[TASK PROMPT] Please retype the entries below word for word, passing over every picture.

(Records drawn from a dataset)

-----

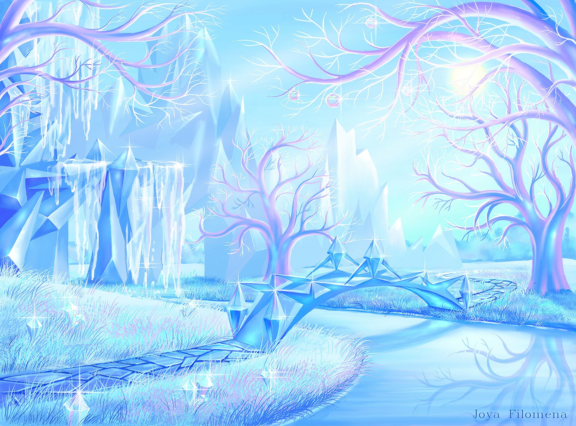 Una favolosa foresta invernale incatenata dal ghiaccio blu
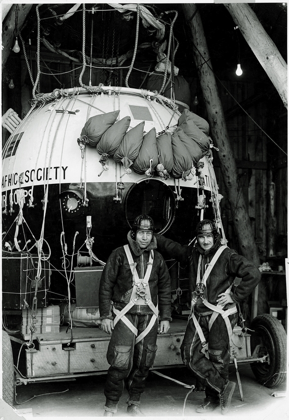 艾伯特 W.斯蒂文斯上尉(右)和奥维尔 A.安德森上尉,于1935年同乘全球最大的气球直达同温层,创造了世界纪录。
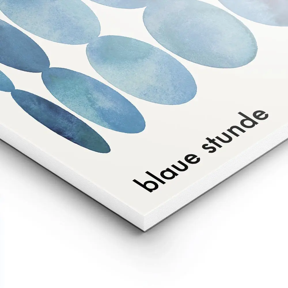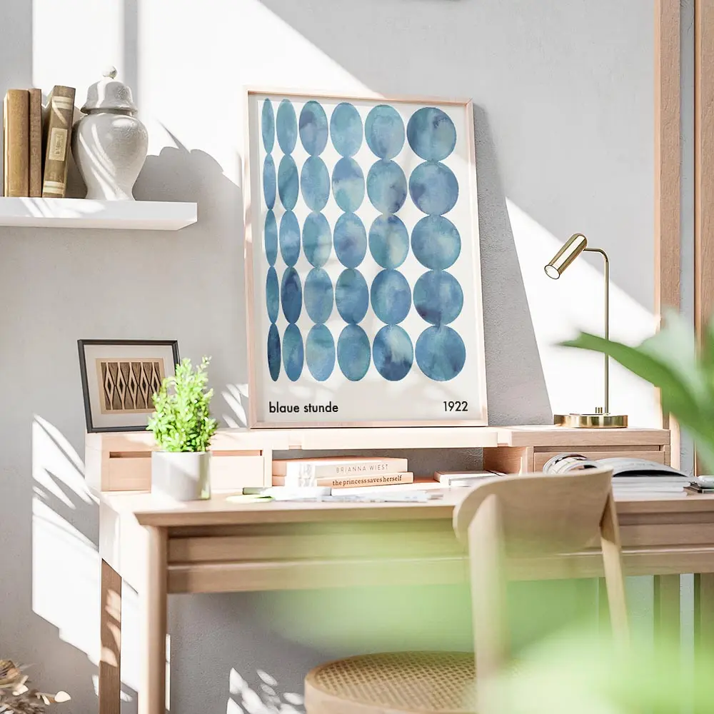 Affiche abstrait bleu à cercles joue avec le bleu, les formes et la typographie. Fond bleu, cercles de formes variées et de tailles différentes, et une typographie bien lisible donnent du rythme. On ressent un équilibre clair, simple et contemporain, un peu joueur aussi.
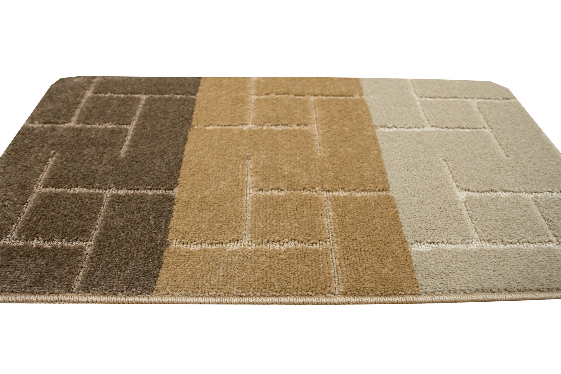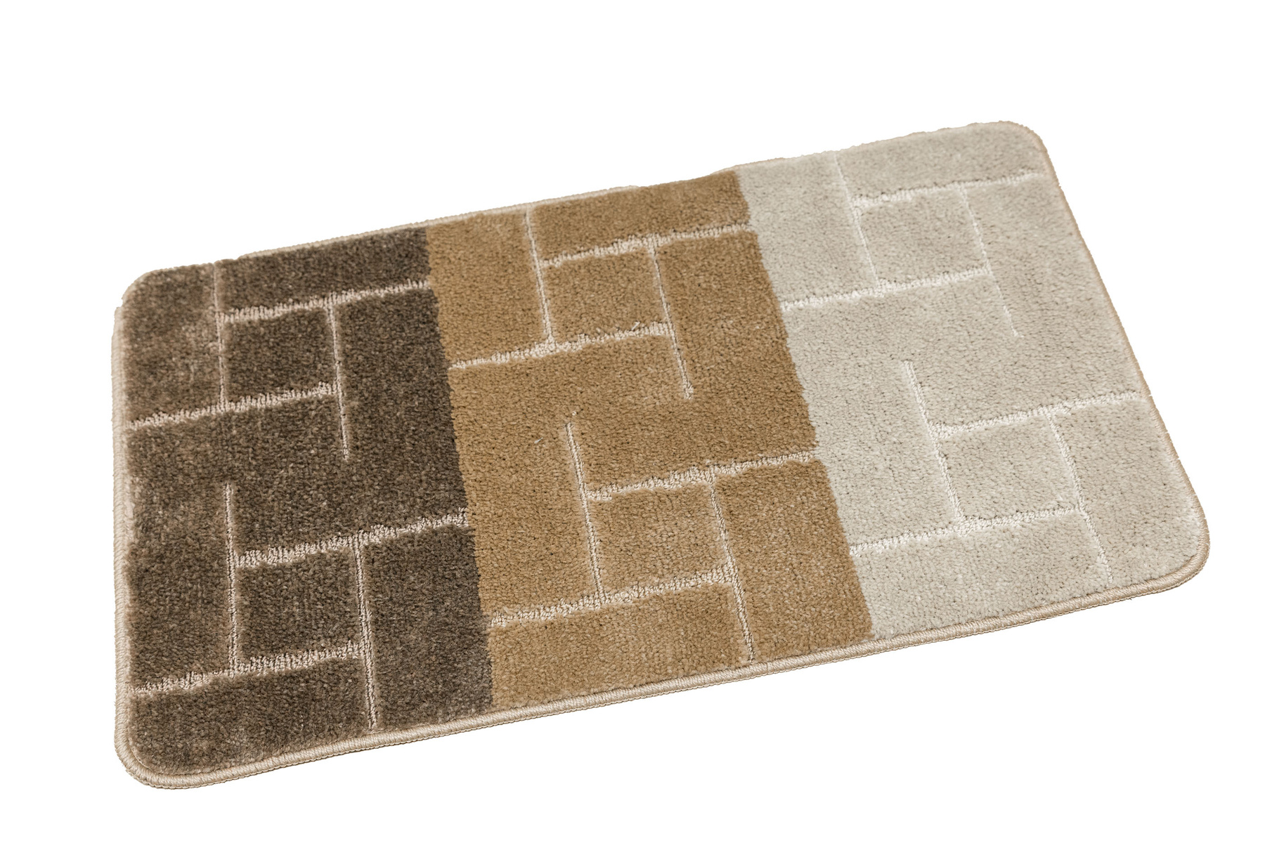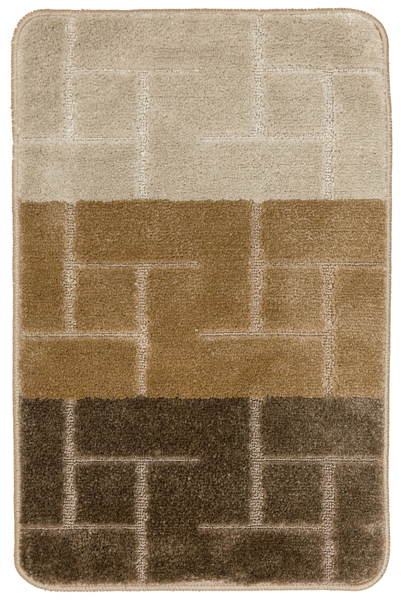 - Miękki i przyjemny w dotyku zestaw łazienkowy Teramo o dwupoziomowym runie w odcieniu beżu i brązu, ze wzorem w kwadraty i antypoślizgowym spodem.
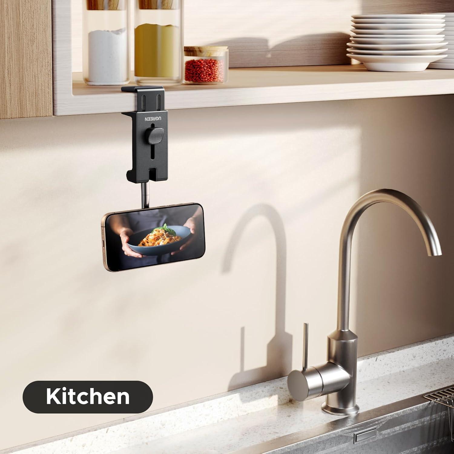 Universal Wide-Grip Clip: the clamp distance of this airplane phone holder is 8-25mm. Securely mounts on plane trays, kitchen cabinets, camping or coffee tables etc. Perfect for travel, home, and outdoor use
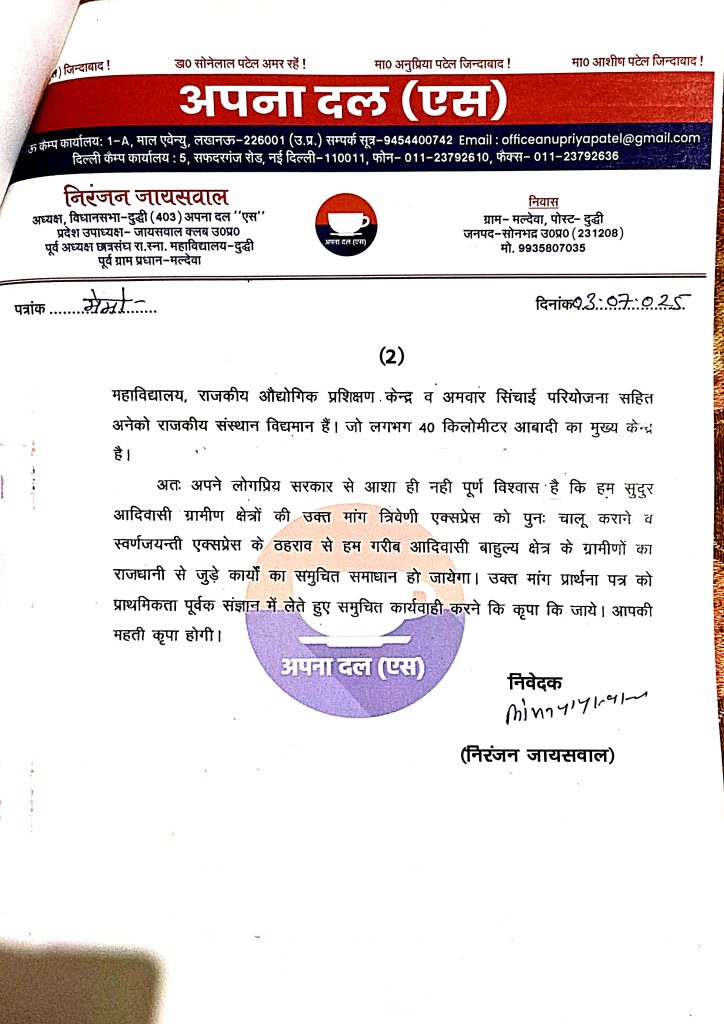 यह कदम इस बात का प्रमाण है कि अपना दल (एस) में कार्यकर्ताओं और पदाधिकारियों की आवाज़ को राष्ट्रीय स्तर पर सम्मान दिया जाता है और जनता की समस्याओं को प्राथमिकता के साथ सुना जाता है। दुद्धी विधानसभा क्षेत्र की जनता की ओर से मैं माननीय अनुप्रिया पटेल जी को हृदय से आभार प्रकट करता हूँ और साथ ही माननीय रेल मंत्री जी से विनम्र निवेदन करता हूँ कि इस जनहित समस्या का शीघ्र समाधान कर क्षेत्र की जनता को राहत पहुँचाएँ। समस्त जनमानस इस पहल के लिए आभारी रहेगा।

-----

[YOUR SOLUTION]
 Una favolosa foresta invernale incatenata dal ghiaccio blu
 艾伯特 W.斯蒂文斯上尉(右)和奥维尔 A.安德森上尉,于1935年同乘全球最大的气球直达同温层,创造了世界纪录。
 Affiche abstrait bleu à cercles joue avec le bleu, les formes et la typographie. Fond bleu, cercles de formes variées et de tailles différentes, et une typographie bien lisible donnent du rythme. On ressent un équilibre clair, simple et contemporain, un peu joueur aussi.
 - Miękki i przyjemny w dotyku zestaw łazienkowy Teramo o dwupoziomowym runie w odcieniu beżu i brązu, ze wzorem w kwadraty i antypoślizgowym spodem.
 Universal Wide-Grip Clip: the clamp distance of this airplane phone holder is 8-25mm. Securely mounts on plane trays, kitchen cabinets, camping or coffee tables etc. Perfect for travel, home, and outdoor use
 यह कदम इस बात का प्रमाण है कि अपना दल (एस) में कार्यकर्ताओं और पदाधिकारियों की आवाज़ को राष्ट्रीय स्तर पर सम्मान दिया जाता है और जनता की समस्याओं को प्राथमिकता के साथ सुना जाता है। दुद्धी विधानसभा क्षेत्र की जनता की ओर से मैं माननीय अनुप्रिया पटेल जी को हृदय से आभार प्रकट करता हूँ और साथ ही माननीय रेल मंत्री जी से विनम्र निवेदन करता हूँ कि इस जनहित समस्या का शीघ्र समाधान कर क्षेत्र की जनता को राहत पहुँचाएँ। समस्त जनमानस इस पहल के लिए आभारी रहेगा।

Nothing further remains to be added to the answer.